UnitedHealth shareholders demand review of policies that ‘delayed or denied’ health care access
Shareholders of UnitedHealth Group (UHG) are calling on the company’s board of directors to release a report on how its policy of limiting or delaying access to health care may be impacting the company’s brand and the economy overall.The proposal by shareholders asked that the UHG board of directors produce a report looking into “how company practices impact access to healthcare and patient outcomes, including analyses of how often prior authorization requirements or denials of coverage lead to delay or abandonment of medical treatment and serious adverse events for patients.”
In a supporting statement, the shareholders said UHG policies that cause “delayed or avoided medical care” threaten both the company brand name as well as its investors’ portfolios by “increasing consumer debt, jeopardizing health of policyholders and thereby reducing workforce productivity, straining government resources, and risking increased taxes.”
Sisters of the Holy Names of Jesus and Mary led the filing.

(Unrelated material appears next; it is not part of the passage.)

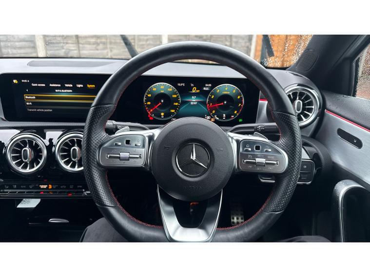 Mercedes-Benz A-Class A200 AMG Line Premium 5dr Auto Petrol Hatchback, , The 2020 Mercedes-Benz A-Class A200 AMG Line Premium 5dr Auto delivers a premium hatchback experience that combines expressive styling, solid performance and advanced technology. Powered by a 1.3-litre turbocharged petrol engine producing around 163 bhp with smooth automatic transmission, it accelerates briskly reaching 0-62 mph in roughly 8 seconds while offering a refined and composed drive that suits both city commuting and longer journeys. The AMG Line Premium specification enhances the cars visual appeal with sporty AMG-inspired design elements, including distinctive alloy wheels and aerodynamic body styling, while the well-appointed interior showcases the latest MBUX infotainment system with crisp touchscreen, smartphone integration and a suite of connectivity features that elevate everyday usability

Co-filers include: Benedictine Sisters of Baltimore – Emmanuel Monastery; Benedictine Sisters of Mount St. Scholastica; Mercy Investment Services; Sisters of St. Francis of Philadelphia; Sisters of the Humility of Mary, OH; and Trillium Asset Management.
When reached for a response, a UHG spokesperson declined to specifically comment on this proposal, directing inquiries to a statement the company issued last month regarding “misinformation.” UHG said it approves and pays 90 percent of medical claims upon submission.
“Highly inaccurate and grossly misleading information has been circulated about our company’s treatment of insurance claims,” the statement read.
The company’s claim process came under congressional scrutiny last year, with a Senate report finding that UnitedHealthcare and other major health insurers denied post-acute care services for Medicare Advantage at “substantially higher rates” than prior authorization requests for other types of care.
“The data provided by the companies show that, not only did insurers deny prior authorization for postacute care more often than other services, but that the rate of denial was substantially higher for some companies,” the report found.
“For UnitedHealthcare and CVS, 2022 denial rates for prior authorization of post-acute care services were approximately three times higher than the companies’ overall denial rates. In the case of Humana, rates for 2022 were over 16 times higher.”
Timnit Ghermay, director of Northwest Coalition for Responsible Investment (NWCRI), led the filing of the proposal. Ghermay cited the recent killing of UnitedHealthcare CEO Brian Thompson in a statement explaining the request.
“UNH has been in the media and legislative spotlight for some time given its market dominance, aggressive marketing of Medicare Advantage and questionable use of AI algorithms to deny care to patients,” Ghermay said. “As the tragic murder of UNH’s Brian Thompson made evident, public outrage over the exorbitant costs and restricted access to healthcare has reached a dangerous level in our country.”
The NWCRI is part of the Interfaith Center on Corporate Responsibility (ICCR), which describes itself as a “coalition of faith- and values-based investors.” The ICCR has previously filed proposals for UHG to produce reports explaining its use of artificial intelligence as well as racial disparities within the company.